The present invention relates to a thermal development type diazo copying material.
A conventional thermal development type diazo copying material comprises a support material, such as paper or a film material, and a photosensitive layer formed on the support material, which photosensitive layer comprises a diazo compound, a coupling component and an auxiliary coloring agent.
In one conventional thermal development method, development is performed by the application of heat at temperatures ranging from 150.degree. C. to 200.degree. C. to a diazo copying material of the above-mentioned type which contains as an auxiliary coloring agent, for instance, urea or sodium trichloroacetate, by which heat application an alkaline material, such as ammonia gas or sodium hydroxide, is produced.
In another conventional thermal development method which is an improvement of the above-mentioned development method, development is performed by the application of heat at temperatures ranging from 90.degree. C. to 130.degree. C. to a diazo copying material of the same type as mentioned above, which contains as an auxiliary coloring agent a higher fatty acid amide, which is melted by the heat application and activates the diazo compound and coupling contained in the diazo copying material. An advantage of this thermal development diazo copying material is that development can be done at lower temperatures than in the case of the first described thermal development diazo copying material. However, its disadvantage is that the thermal development diazo copying material easily deteriorates before use during storage and cannot be preserved for a long period of time.
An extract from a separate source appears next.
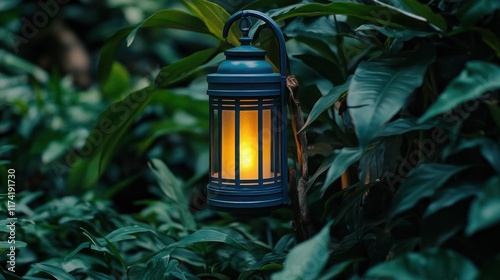 A blue lantern emits a warm glow amidst lush green foliage. Ideal for atmospheric lighting in gardens or patios.
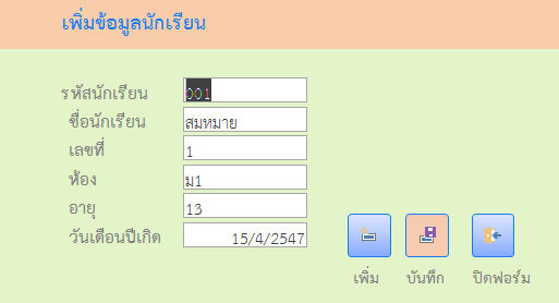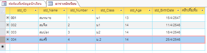 จะเห็นได้ว่าเมื่อเราไปที่มุมมองฟอร์มจะมีข้อมูลเดิมโชว์ขึ้นมา และเมื่อเราต้องการเพิ่มข้อมูลให้ก็ให้คลิกปุ่มเพิ่ม แล้วก็จะสามารถกรอกข้อมูลใหม่ลงไปจากนั้นก็กดบันทึกเพื่อบันทึกข้อมูลลงตาราง ข้อมูลใหม่ก็จะบันทึกลงในตารางนักเรียน ดังภาพ

In these conventional thermal development methods, moreover, higher development temperatures are required than the development temperatures required for a dry type diazo copying material to which ammonia gases are applied from the outside for development.
Further, in the conventional thermal development methods, in the choice of diazo compounds, priority is given to heat resistance rather than to the capability of obtaining high image density. Somehow the diazo compounds which are durable at high temperature cannot yield high image density.
Still further, in the conventional thermal development methods, a heat application apparatus capable of applying heat at such high temperatures to the thermal development diazo materials, with the temperatures being accurately controlled within .+-.10 degrees, is required, but such heat application apparatus is costly. The temperature range of .+-.10 degrees is not at all large in this field. A copying machine employing such a thermal development type diazo copying material is usually used at room temperature, and the difference between the development temperatures and room temperature is so great that it is difficult to control the temperatures within the range of .+-.10 degrees, in particular, when a large number of copies are made continuously or when only a few copies are made at each start-up.
As a matter of course, if the development temperatures are not controlled within the above-mentioned range, development is insufficiently done or excessively done, causing discoloration.
For the above reasons, the thermal development type diazo copying materials are not popular in the field of diazo copying materials, although the thermal development type diazo copying materials have advantages in that they can provide dry copies by use of a simple development apparatus, and in that the copying machines employing the thermal development type diazo copying materials can be reduced in size in comparison with other conventional diazo copying machines.